Tbo-filgrastim (Granix, Teva Pharmaceuticals), which has been commercially available in the US since November, 2013, has been indicated to allow for the marketing of a new syringe that can be administered either by the patient or a caregiver without having to visit the physician’s office.

“In partnership with their physician, patients will be able to decide whether administering Granix via self-injection at home or by a healthcare professional is the right course for them,” Lee S. Schwartzberg, MD, FACP, division chief of hematology oncology at the University of Tennessee Health Science Center, Knoxville, Tenn., said in a statement released by Teva. “Selecting a course of self-administration may allow patients to consolidate the number of required visits to their physician and allow additional access for patients who have challenges in visiting their providers.”

Tbo-filgrastim is indicated for reduction in the duration of severe neutropenia in patients with nonmyeloid malignancies receiving myelosuppressive anticancer drugs associated with a clinically significant incidence of febrile neutropenia.

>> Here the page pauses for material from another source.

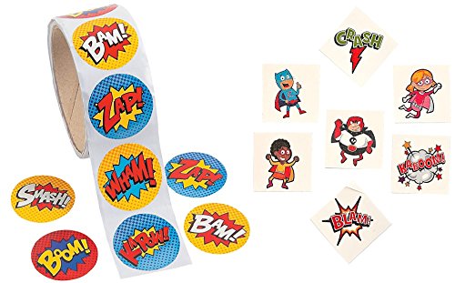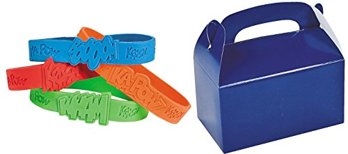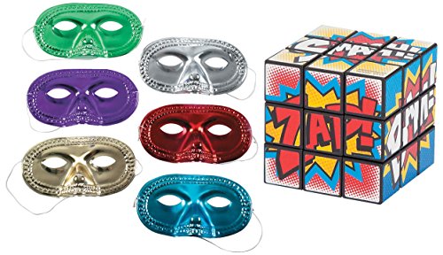 - Feature : Nice Superhero Party Favor Bundle, enough for 12 Children. 244 Pc set includes: 12 Blue Treat Boxes. You can add the stickers provided in this pack to Decorate the boxes. / 12 Superhero Mini Magic Cubes, 1 1/2". Twist the rows to form a superhero word on each side. / 24 assorted color Metallic Mask, enough for each child to have two masks. / 72 Superhero temporary tattoos..... 1 Superhero Sticker Roll - 100 pc / 24 Rubber Super hero bracelets...... 1 Shoot for the Stars "Bonus Bag". Bag includes a surprise toy or toys with a "Superhero" theme. You can use this Bonus any way you choose, like giving it as an additional gift to the birthday child, using it as a reward, would make a terrific door prize or even as a prize for the winner of a party game.

The safety of tbo-filgrastim was evaluated in three phase 3 trials in patients receiving myelosuppressive chemotherapy for breast cancer, lung cancer and non-Hodgkin’s lymphoma. In the trials, bone pain was the most common treatment-emergent adverse reaction in patients treated with tbo-filgrastim.

In a phase 3 clinical study, tbo-filgrastim demonstrated a 71% reduction in the duration of severe neutropenia compared to a placebo (1.1 days vs. 3.8 days).